▶ TASK TO CARRY OUT: As you print the data below, keep every line exactly as it is and leave the images behind.

▶ MATERIALS PROVIDED:
»»
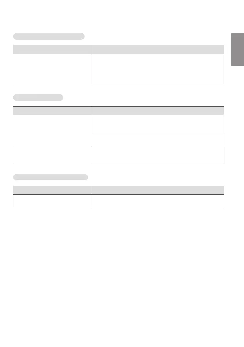 Screen color is unstable or mono-colored. • Check the connection status of the signal cable. Or, re-insert the PC
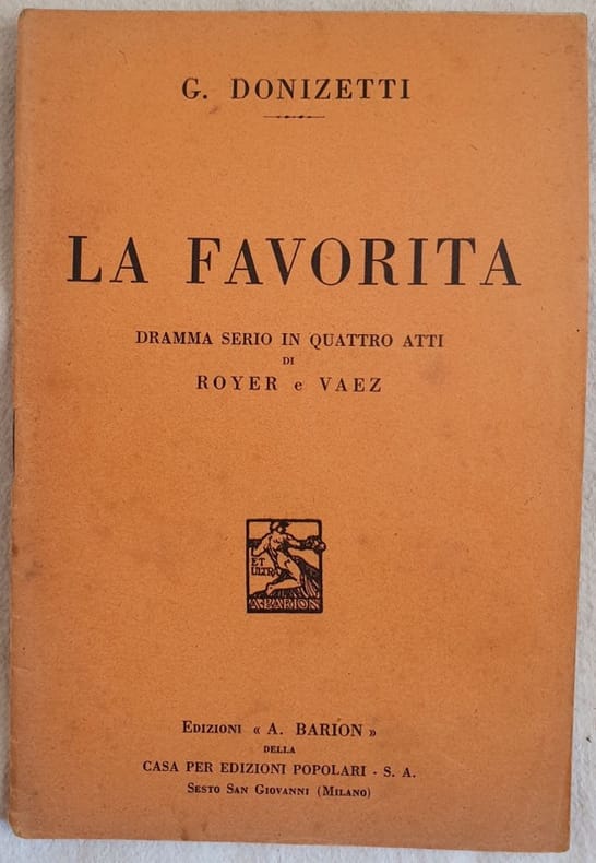 In 16. Dim. 18,5x12 cm. Pp. 32. Bel libretto d'opera del 1936 dell'opera "La favorita" di Gaetano Donizetti (1797-1848) su libretto di Royer e Vaez. La prima rappresentazione ebbe luogo al Teatro Opera di Parigi il 2 dicembre 1840. In discrete condizioni. Brossura editoriale in discrete condizioni generali con usure ai margini e dorso. Piattto anteriore in parte staccato. Legatura in buone condizioni. All'interno le pagine si presentano in buone condizioni con rare fioriture.Beautiful booklet of 1936 of the work in four acts "La favorita" by Gaetano Donizetti (1797-1848) on booklet by Royer and Vaez. The first representation took place in the Teatro Opera in Paris the 2nd of december 1840. In fair conditions Editorial cover in fair general conditions slightly worn in the edges and spine. Front plate almost detached. Stains. Binding in good conditions. Inside pages are in good conditions with occasional foxings.
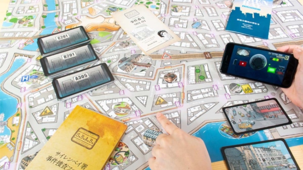 事件の手がかりは、音声データと街の監視カメラの画像、広い地図です。スマートフォンアプリで事件発生時の音声を再生し、犯人の会話や周囲の音を分析。例えば、「踏切の音がするから、犯人はこの道を通ったのでは?」といったヒントを元に推理します。時にはカメラ画像が有力な手がかりになることも。全員で協力し、事件解決のための問いに答えます。
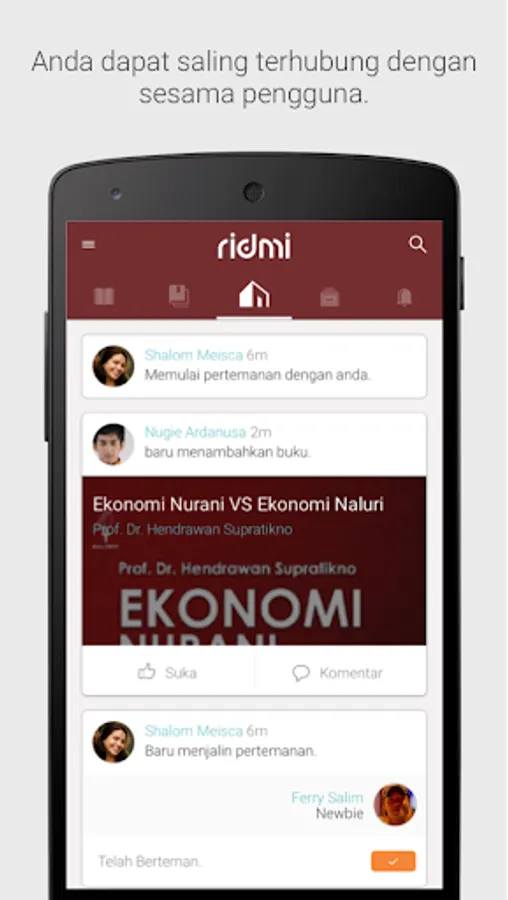 Ridmi is a digital library of application-based offerings Library TICMI social media that comes with eReader to read the ebook. With features of social media, you can connect and interact with other users who are interested in related to the Indonesian Capital Market.
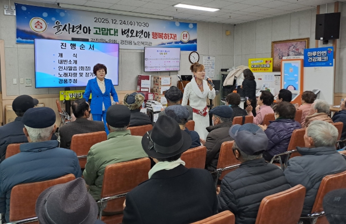 [메이저뉴스]강진군 강진읍노인회(회장 김승복)가 지난 24일 강진읍 노인복지관 2층 강당에서 150여명의 어르신들이 참석한 가운데 2025년 송년행사를 성대히 마쳤다.
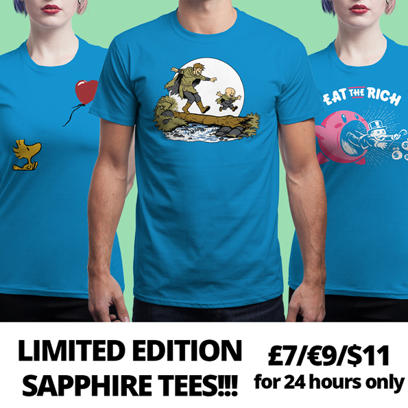 Suffice to say, here at Qwertee, one of our absolute favourite things to do is give you limited edition incredible tees! So when we get the chance to offer EXTRA limited edition tees, we love it! For 24 HOURS ONLY we have the designs below available in SAPPHIRE COLOURED TEES for a reduced £7/€9/$11! They're our favourite limited edition colour we've done so far! We have NEVER had this colour on sale before and we won't be doing it ever again so not only are these designs limited edition, the tees themselves are EXTREMELY LIMITED EDITION! Stock is extremely low though so do not wait to pick yourself up a piece of Qwertee history!
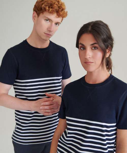 Tag free regular fit, heavyweight short sleeved t-shirt. Crew neck with stretch ribbed neckline. Twin-needle stitching at cuffs and hem. 'V' flatlock stitching detail at neck. Flatlock stitching at neck, shoulder seam and armholes. High chest seam. Striped lower body; contrast plain upper body and sleeves. Coordinates with FR134 long sleeved Breton T.
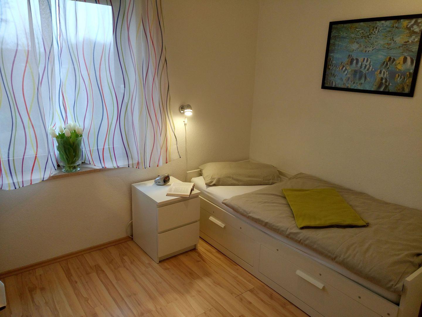Die Ferienwohnung bietet in 2 Schlafzimmern genügend Platz für 3 bis 4 Personen. Beide Schlafzimmer sind mit Außenjalousien versehen.
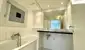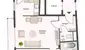 Der Wohnbereich führt weiter in das ruhige Schlafzimmer, das mit einem Badezimmer en suite ausgestattet ist. Hier erwartet Sie eine Wanne, ein Waschtisch und ein angenehmes Raumgefühl. Direkt anschließend befindet sich eine praktische Schranknische – ein kompakter Ankleidebereich, der sich ideal für Regalsysteme oder einen maßgeschneiderten Einbauschrank eignet.
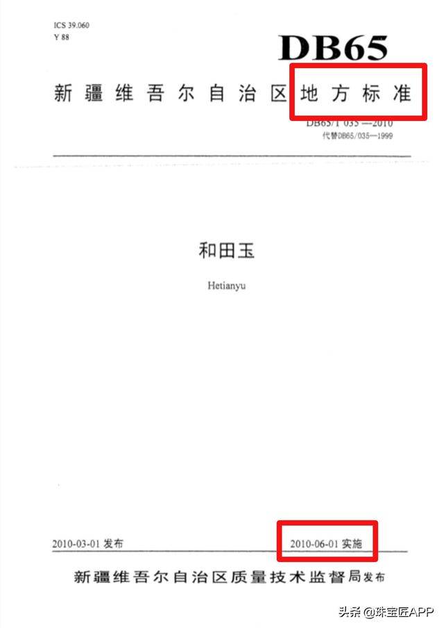 1、新疆地方标准《和田玉》(DB65/T 035-2010)
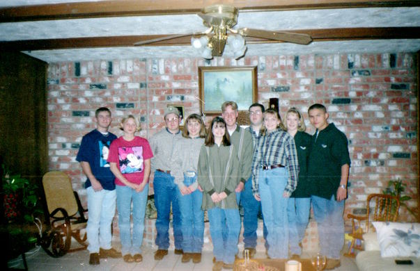 Posing for a family photo in front of the brick wall.
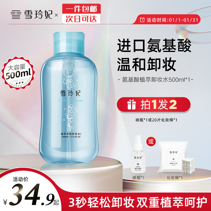 ¥24.9 雪玲妃氨基酸植萃卸妆水500ml 深入清洁 舒缓保湿 按压式眼唇脸三合一 39.9
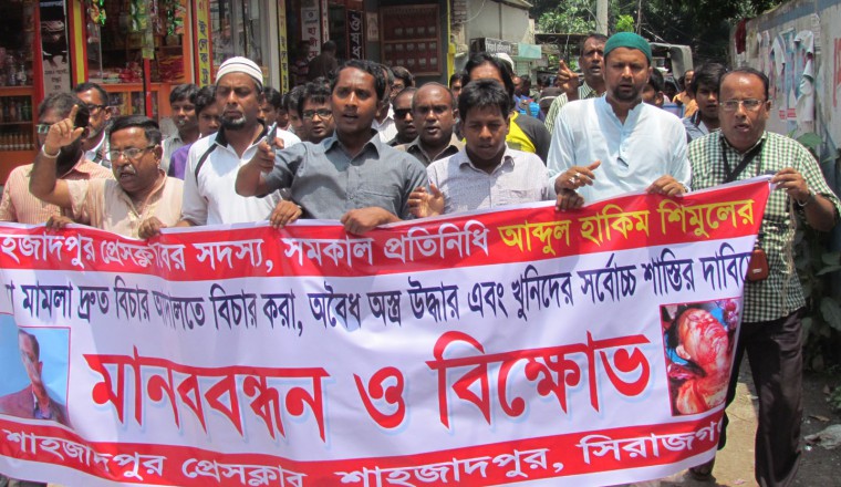 নিজস্ব প্রতিবেদক : সাংবাদিক শিমুল হত্যা মামলা দ্রুত বিচার ট্রাইব্যুনালে স্থানান্তর, অবৈধ অস্ত্র উদ্ধার ও খুনিদের সর্বোচ্চ শাস্তি নিশ্চিত করার দাবিতে আজ মঙ্গলবার শাহজাদপুরে কর্মরত সাংবাদিকেরা মানববন্ধন ও বিক্ষোভ সমাবেশ করেছে। শাহজাদপুর প্রেসক্লাবের উদ্যোগে এ কর্মসূচী পালিত হয়। সকাল সাড়ে ১০ টা থেকে সাড়ে ১১ টা পর্যন্ত পৌর এলাকার প্রাণকেন্দ্র মণিরামপুর বাজারের চৌরাস্তায় ঘন্টাব্যাপী মানববন্ধন পালন করা হয়। মানববন্ধন চলাকালে বক্তব্য রাখেন, শাহজাদপুর প্রেসক্লাবের সভাপতি বিমল কুন্ডু, সাধারণ সম্পাদক শফিকুজ্জামান শফি, সাংবাদিকতা ও সামাজিক উন্নয়ন ফোরামের সাধারণ সম্পাদক ওমর ফারুক, সাংবাদিক সৈয়দ হুমায়ুন পারভেজ শাব্বির, হাসানুজ্জামান তুহিন, সাগর বসাক, আল আমিন হোসেন, শামছুর রহমান শিশির, সমকালের জেলা প্রতিনিধি আমিনুল ইসলাম খান রানা, যমুনা টিভির জেলা প্রতিনিধি ও বেলকুচি প্রেসক্লাবের যুগ্ম-সাধারণ সম্পাদক গোলাম মোস্তফা রুবেল, এমএ জাফর লিটন, সাংস্কৃতিক কর্মী কাজী শওকত প্রমূখ। বক্তারা সাংবাদিক শিমুল হত্যা মামলার দ্রুত বিচার ট্রাইব্যুনালে স্থানান্তর, অবৈধ অস্ত্র উদ্ধার, এজাহারভূক্ত সকল আসামীদের গ্রেফতার এবং খুনিদের সর্বোচ্চ শাস্তি ফাঁসির দাবি জানান। মানববন্ধন শেষে এক বিক্ষোভ মিছিল পৌর এলাকার প্রধান প্রধান সড়ক প্রদক্ষিণ শেষে প্রেসক্লাব চত্বরে এসে শেষ হয়। মানববন্ধন ও বিক্ষোভ সমাবেশে সাংবাদিক, বিভিন্ন রাজনৈতিক, সামাজিক ও সাংস্কৃতিক সংগঠনের নেতৃবৃন্দসহ নানা শ্রেণিপেশার শত শত মানুষ স্বতস্ফুর্তভাবে অংশ নেন।
««
▶ TASK RESULT:
 Screen color is unstable or mono-colored. • Check the connection status of the signal cable. Or, re-insert the PC
 In 16. Dim. 18,5x12 cm. Pp. 32. Bel libretto d'opera del 1936 dell'opera "La favorita" di Gaetano Donizetti (1797-1848) su libretto di Royer e Vaez. La prima rappresentazione ebbe luogo al Teatro Opera di Parigi il 2 dicembre 1840. In discrete condizioni. Brossura editoriale in discrete condizioni generali con usure ai margini e dorso. Piattto anteriore in parte staccato. Legatura in buone condizioni. All'interno le pagine si presentano in buone condizioni con rare fioriture.Beautiful booklet of 1936 of the work in four acts "La favorita" by Gaetano Donizetti (1797-1848) on booklet by Royer and Vaez. The first representation took place in the Teatro Opera in Paris the 2nd of december 1840. In fair conditions Editorial cover in fair general conditions slightly worn in the edges and spine. Front plate almost detached. Stains. Binding in good conditions. Inside pages are in good conditions with occasional foxings.
 事件の手がかりは、音声データと街の監視カメラの画像、広い地図です。スマートフォンアプリで事件発生時の音声を再生し、犯人の会話や周囲の音を分析。例えば、「踏切の音がするから、犯人はこの道を通ったのでは?」といったヒントを元に推理します。時にはカメラ画像が有力な手がかりになることも。全員で協力し、事件解決のための問いに答えます。
 Ridmi is a digital library of application-based offerings Library TICMI social media that comes with eReader to read the ebook. With features of social media, you can connect and interact with other users who are interested in related to the Indonesian Capital Market.
 [메이저뉴스]강진군 강진읍노인회(회장 김승복)가 지난 24일 강진읍 노인복지관 2층 강당에서 150여명의 어르신들이 참석한 가운데 2025년 송년행사를 성대히 마쳤다.
 Suffice to say, here at Qwertee, one of our absolute favourite things to do is give you limited edition incredible tees! So when we get the chance to offer EXTRA limited edition tees, we love it! For 24 HOURS ONLY we have the designs below available in SAPPHIRE COLOURED TEES for a reduced £7/€9/$11! They're our favourite limited edition colour we've done so far! We have NEVER had this colour on sale before and we won't be doing it ever again so not only are these designs limited edition, the tees themselves are EXTREMELY LIMITED EDITION! Stock is extremely low though so do not wait to pick yourself up a piece of Qwertee history!
 Tag free regular fit, heavyweight short sleeved t-shirt. Crew neck with stretch ribbed neckline. Twin-needle stitching at cuffs and hem. 'V' flatlock stitching detail at neck. Flatlock stitching at neck, shoulder seam and armholes. High chest seam. Striped lower body; contrast plain upper body and sleeves. Coordinates with FR134 long sleeved Breton T.
Die Ferienwohnung bietet in 2 Schlafzimmern genügend Platz für 3 bis 4 Personen. Beide Schlafzimmer sind mit Außenjalousien versehen.
 Der Wohnbereich führt weiter in das ruhige Schlafzimmer, das mit einem Badezimmer en suite ausgestattet ist. Hier erwartet Sie eine Wanne, ein Waschtisch und ein angenehmes Raumgefühl. Direkt anschließend befindet sich eine praktische Schranknische – ein kompakter Ankleidebereich, der sich ideal für Regalsysteme oder einen maßgeschneiderten Einbauschrank eignet.
 1、新疆地方标准《和田玉》(DB65/T 035-2010)
 Posing for a family photo in front of the brick wall.
 ¥24.9 雪玲妃氨基酸植萃卸妆水500ml 深入清洁 舒缓保湿 按压式眼唇脸三合一 39.9
 নিজস্ব প্রতিবেদক : সাংবাদিক শিমুল হত্যা মামলা দ্রুত বিচার ট্রাইব্যুনালে স্থানান্তর, অবৈধ অস্ত্র উদ্ধার ও খুনিদের সর্বোচ্চ শাস্তি নিশ্চিত করার দাবিতে আজ মঙ্গলবার শাহজাদপুরে কর্মরত সাংবাদিকেরা মানববন্ধন ও বিক্ষোভ সমাবেশ করেছে। শাহজাদপুর প্রেসক্লাবের উদ্যোগে এ কর্মসূচী পালিত হয়। সকাল সাড়ে ১০ টা থেকে সাড়ে ১১ টা পর্যন্ত পৌর এলাকার প্রাণকেন্দ্র মণিরামপুর বাজারের চৌরাস্তায় ঘন্টাব্যাপী মানববন্ধন পালন করা হয়। মানববন্ধন চলাকালে বক্তব্য রাখেন, শাহজাদপুর প্রেসক্লাবের সভাপতি বিমল কুন্ডু, সাধারণ সম্পাদক শফিকুজ্জামান শফি, সাংবাদিকতা ও সামাজিক উন্নয়ন ফোরামের সাধারণ সম্পাদক ওমর ফারুক, সাংবাদিক সৈয়দ হুমায়ুন পারভেজ শাব্বির, হাসানুজ্জামান তুহিন, সাগর বসাক, আল আমিন হোসেন, শামছুর রহমান শিশির, সমকালের জেলা প্রতিনিধি আমিনুল ইসলাম খান রানা, যমুনা টিভির জেলা প্রতিনিধি ও বেলকুচি প্রেসক্লাবের যুগ্ম-সাধারণ সম্পাদক গোলাম মোস্তফা রুবেল, এমএ জাফর লিটন, সাংস্কৃতিক কর্মী কাজী শওকত প্রমূখ। বক্তারা সাংবাদিক শিমুল হত্যা মামলার দ্রুত বিচার ট্রাইব্যুনালে স্থানান্তর, অবৈধ অস্ত্র উদ্ধার, এজাহারভূক্ত সকল আসামীদের গ্রেফতার এবং খুনিদের সর্বোচ্চ শাস্তি ফাঁসির দাবি জানান। মানববন্ধন শেষে এক বিক্ষোভ মিছিল পৌর এলাকার প্রধান প্রধান সড়ক প্রদক্ষিণ শেষে প্রেসক্লাব চত্বরে এসে শেষ হয়। মানববন্ধন ও বিক্ষোভ সমাবেশে সাংবাদিক, বিভিন্ন রাজনৈতিক, সামাজিক ও সাংস্কৃতিক সংগঠনের নেতৃবৃন্দসহ নানা শ্রেণিপেশার শত শত মানুষ স্বতস্ফুর্তভাবে অংশ নেন।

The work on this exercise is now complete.